B Arranging blocks so that they fit together

[thebosonbreaker]

I have attached an image showing a (what I believe to be) simple problem involving arranging four blocks, each of different dimensions.
Yes, the blocks fit together perfectly in the first arrangement shown in the diagram when there are no gaps.

I'm convinced that the solution is likely easily arrived at, but I am neither confident nor experienced in any in permutations and combinatorics in general.
I believe that the answer is likely to come from the use of some sort of formula involving factorials and all that good stuff but I'm not entirely sure how.

Can anyone give me an idea of where to begin?
Or am I totally incorrect in approaching this problem as one involving combinatorics?
Thank you very much for your help in advance.

 

[scottdave]

Here is one thought. First, we are not given any measurements, so we don't know if the blue and green could be moved above the orange to fill in that same width.
Let's say that is not possible. So they need to stay in the same orientation. I will call the thin horizontal block, which looks Peach colored, P, then the one above it O (for orange), then B for blue and G for green.

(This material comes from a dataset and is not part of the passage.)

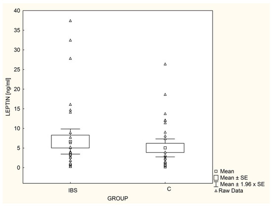 Leptin concentrations did not differ between children with IBS and healthy controls. We demonstrated their positive correlation with BMI, weight, and waist circumference, as well as the metabolic parameters HOMA-IR, CRP, TG, and insulin levels. One study conducted in adults with IBS revealed significantly higher leptin concentrations compared to healthy control subjects [14], while another study found lower levels [15]. The findings of most authors [16,18,19] are in accordance with our results. The studies mentioned [14,15,18,19] confirmed the well-known association between leptin and weight/BMI [14,27,52], but metabolic parameters were generally not assessed, except in the research by Weaver et al. [18], who demonstrated a positive correlation between leptin and total cholesterol in females. Although Russo et al. [16] did not find any significant differences in leptin levels between patients with diarrhea-predominant IBS (IBS-D) and healthy controls, their more thorough research demonstrated significantly higher leptin concentrations only in the IBS-D subgroup with altered small-intestinal permeability [17]. Additionally, sex hormones may modulate leptin secretion directly and indirectly by impacting the distribution of adipose tissue in the body [53]. Interestingly, Weaver et al. [18] postulate that disturbances in the functioning of normal feedback mechanisms along the hypothalamic–pituitary–gonadal axis observed in women with IBS may be involved in the exacerbation of symptoms.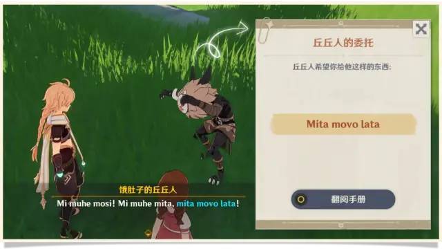 在与丘丘人交流的过程中,如果遇到不明白的单词或句子,旅行者们可以翻阅艾拉·马斯克提供的丘丘语速查手册哦(可在「背包/任务 」或活动界面翻阅手册)。

So starting with P, you have 2 choices, O can be above it or below it. Then that 2-block group can have the on the left of it, or the right. Then next you can put [G] to the left or to the right of this group. But then there is the case of putting the green first and then choosing blue 2nd. There will be some overlap as rotation could produce duplicates. These are just some ideas to get you thinking about it, though.

 

[thebosonbreaker]

Here is one thought. First, we are not given any measurements, so we don't know if the blue and green could be moved above the orange to fill in that same width.
Let's say that is not possible. So they need to stay in the same orientation. I will call the thin horizontal block, which looks Peach colored, P, then the one above it O (for orange), then B for blue and G for green.

So starting with P, you have 2 choices, O can be above it or below it. Then that 2-block group can have the on the left of it, or the right. Then next you can put [G] to the left or to the right of this group. But then there is the case of putting the green first and then choosing blue 2nd. There will be some overlap as rotation could produce duplicates. These are just some ideas to get you thinking about it, though.

Yes, I have been trying to figure out the solution using this approach. I assume that B and G cannot fill in the width above O. The trouble is that I am in constant fear of missing out one (or more) of the possibilities and therefore arriving at an incorrect answer.
I am more interested in whether or not there is some sort of definitive method of deducing the number of possible arrangements using a more formulaic method.
Nevertheless, it seems simple enough to solve using the visual approach as long as everything is triple-checked.
Thanks for the input :)

 

[Stephen Tashi]

I am more interested in whether or not there is some sort of definitive method of deducing the number of possible arrangements using a more formulaic method.

My guess is that a formulaic method would be complicated if we are trying to find one that works for all problems "of this type". It would be a good subject for mathematical research - if someone hasn't already tackled it.

To seek a formulaic method, we should first state explicitly what information is implicitly given in the problem. For example, the problem appears to say that the long side of the green block is equal to the long side of the yellow block plus the short side of the blue block. Try representing the sides of the blocks by variables and using the implied information to state relations among them.

If rectangle is formed by putting the blocks together, the length of one side of the rectangle is a sum formed by adding some of the variables and the length of other side is formed by a second sum made according to the rule: if a one dimension of a block is included in the first sum then include the other dimension in the second sum. If no dimension of a block is included in the first sum then include one of the dimensions of the block in the second sum.

That would be a combinatorial problem, but we would have to analyze each combination to see that it formed a complete rectangle instead of figure with a gap in it.

With more blocks, we'd have to worry that some configuration of blocks might be internal to the entire assembly, so the sums for the dimensions of the assembled rectangle would not directly involve the dimensions of the internal configurations.